Provide templates for authoring of documents  (Use Case #2: Publication authoring here)
http://www.w3.org/wiki/HCLSIG/SWANSIOC/Actions/RhetoricalStructure/UseCases/2

Link publications and enhance search:
http://www.w3.org/wiki/HCLSIG/SWANSIOC/Actions/RhetoricalStructure/UseCases/3

Jodi: Integration between the paper and the science is the main point here - so how do you get claims out of a single paper?
Anita: and link them to the underlying experimental model?


Gully: The use cases we are talking about are informatics use cases, but we should be focusing on biologists use cases. Can we suggest to an biologist end-user what a new field or direction would be? To make a claim network useful in practice, by taking them to a place where they haven't worked before?

Tim: great point Gully - also point them to experiments and tools to do that work?

Alex: when biologists go to libraries, they have a particular problem, are following a protocol, want to find papers where same protocol is used with slight modifications - not so much claims.

Gully: The ultimate goal is for scientist to be able to design a new experiment based on the knowledge you have based your model on. We want machines that make a prediction for the scientist, and propose a new experiment. So pull out all claims about observations and interpretations, munge them together into a model that you can do reasoning on, and generate an experimental design to test the new hypothesis.

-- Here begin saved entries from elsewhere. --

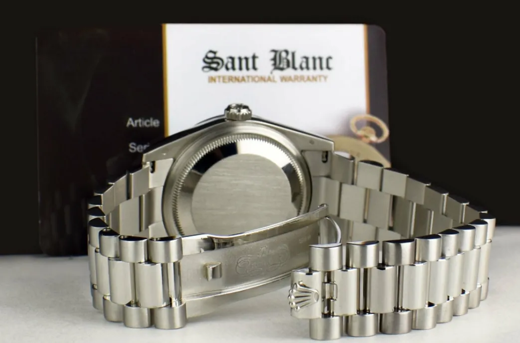 This Rolex is authentic and stunning. Unconditionally guaranteed to be authentic Rolex. Returns & exchanges accepted. Returns for refund are accepted. SANT BLANC is a Swiss watch and timepiece specialist and not a Rolex dealer and have no affiliation with Rolex Watch USA. This Rolex timepiece is unconditionally guaranteed to be authentic. We are the sole warrantors of this timepiece. For questions please contact SANT BLANC.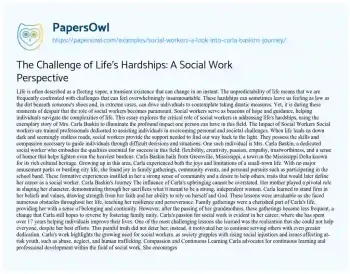 The Challenge of Life's Hardships: A Social Work Perspective. (2023, Sep 06). Retrieved from https://hub.papersowl.com/examples/social-workers-a-look-into-carla-baskins-journey/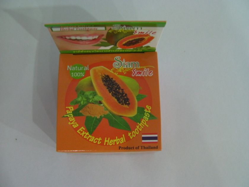 Тайская круглая отбеливающая паста для ухода за ротовой полостью с экстрактом папайи отлично справляется с проблемой налета, повышенной чувствительностью зубов и неприятным запахом.
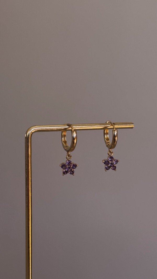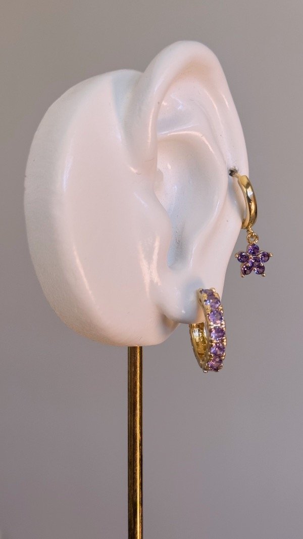 Par de argollas con colgante de flor lila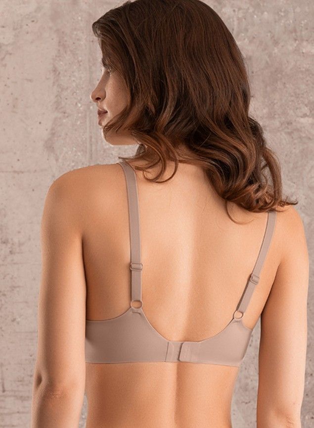 Наполнение чашки - воздушный поролон мусс. Регулируемые бретели ширины 1,2 мм. Застежка в два ряда на три позиции. Спинка классическая до размеров 5B/4C, начиная с размера 5C/4D маечный тип спинки.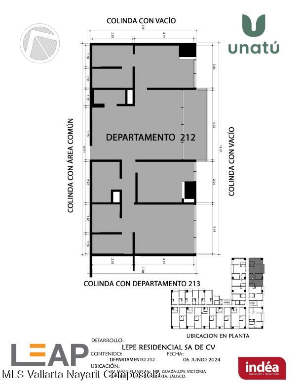 Ubicado en Calle Manuel Lepe, Col. Guadalupe Victoria, una de las zonas con mayor crecimiento y plusvalia en Puerto Vallarta, UNATU ofrece alta conectividad al aeropuerto, central camionera, centros comerciales y playas. Desarrollado por INDEA, cuenta con 116 departamentos en 10 niveles + rooftop, amenidades premium, estacionamiento y bodegas. Entrega estimada abril 2028.

Gully: Hanalyzer, from UC Denver, is an interesting system to consider. http://hanalyzer.sourceforge.net/
http://www.youtube.com/watch?v=jAegU3aZbWI

They work in a well-defined domain which they understand well, and besides the tools, they have a human analyst to "think about the science". This is a good recipe for success: solve problems for a specific domain.

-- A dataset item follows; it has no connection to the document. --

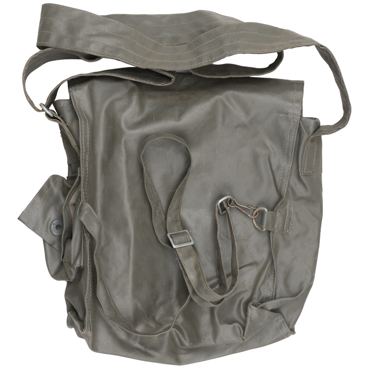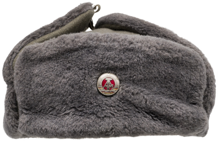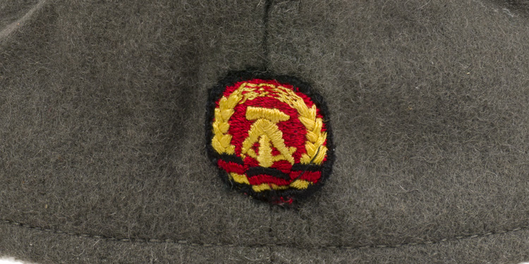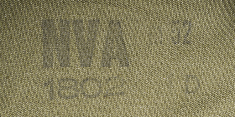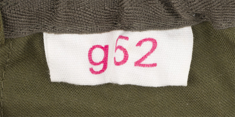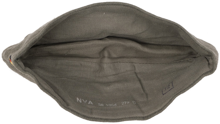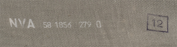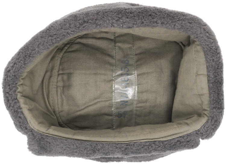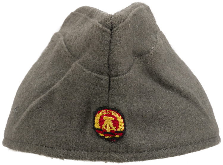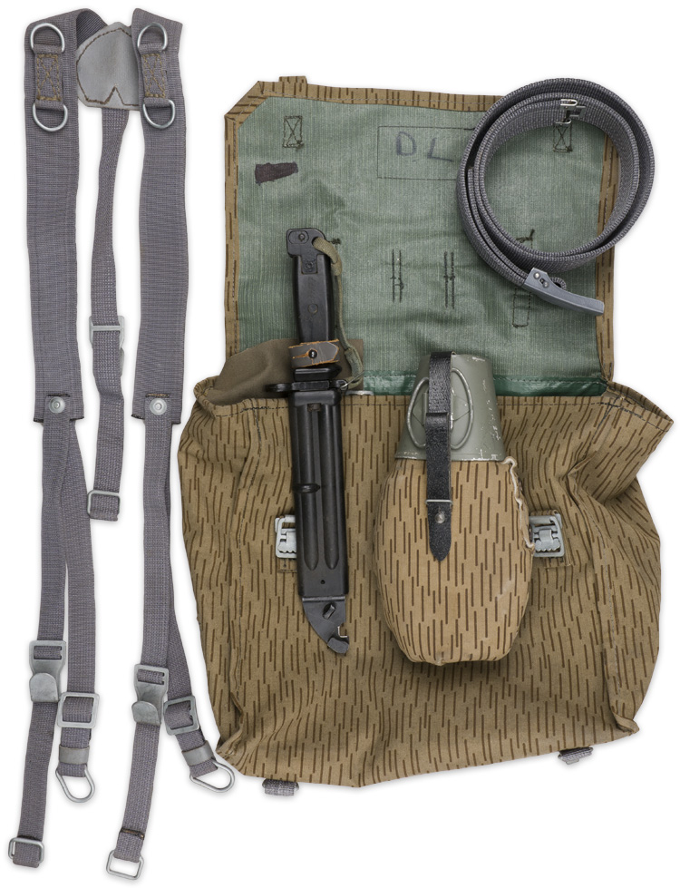 This grouping consists of a East German Model M56/66 combat helmet with camo cover that has a face veil and neck cover. It is approximately a size 56. Other items include a overseas cap with is stamped "NVA" and a size 12 marking, a NCO fur hat that is marked size 57, a tunic with collar that has a 44" chest and a tag to the interior that reads"M42", a pair of matching trousers with suspenders that have a 34" waist and a 32" breech with a tag to the interior of the trousers reads "G52". A pair of black boots that are marked for size 27 and a pair of winter splinter mitts that are marked size 3. . There are also numerous pieces of field gear that includes an entrenching tool with cover (the shovel was made for the NVA and for export to other Communist countries that has a "Made in GDR" stamped on the blade. The blade also has a nail puller and a saw blade to one side. There is also an ammo pouch which is curved to fit early AK 47 magazines, a belt, canteen, set of "Y" straps, a combat pack, gas mask bag and a combat pack. The last item is an Armoured Drivers badge with a simple hinge pin.

There are two main differences from what we are doing: first, it is a complete system (with user interfaces) NOT just an ontology. Second, it is specific, whereas what we want is very general

Joanne: So how do you bridge perspectives, between a domain and external [general?] perspectives? You need to know what role you are in. Different types of evidence are used in different fields.

Next steps from Anita:
1) investigate workshop
2) write new use case
3) Joanne to invite someone from the Hunter group 

Other possible next-steps: presentation from the ISI machine-reading group.

Other thoughts to take up:
Howard: Not sure stories or narratives always strictly follow beginning-middle-end series: roles often shift about with lots of non-linear reflection and impact out-of-sequence.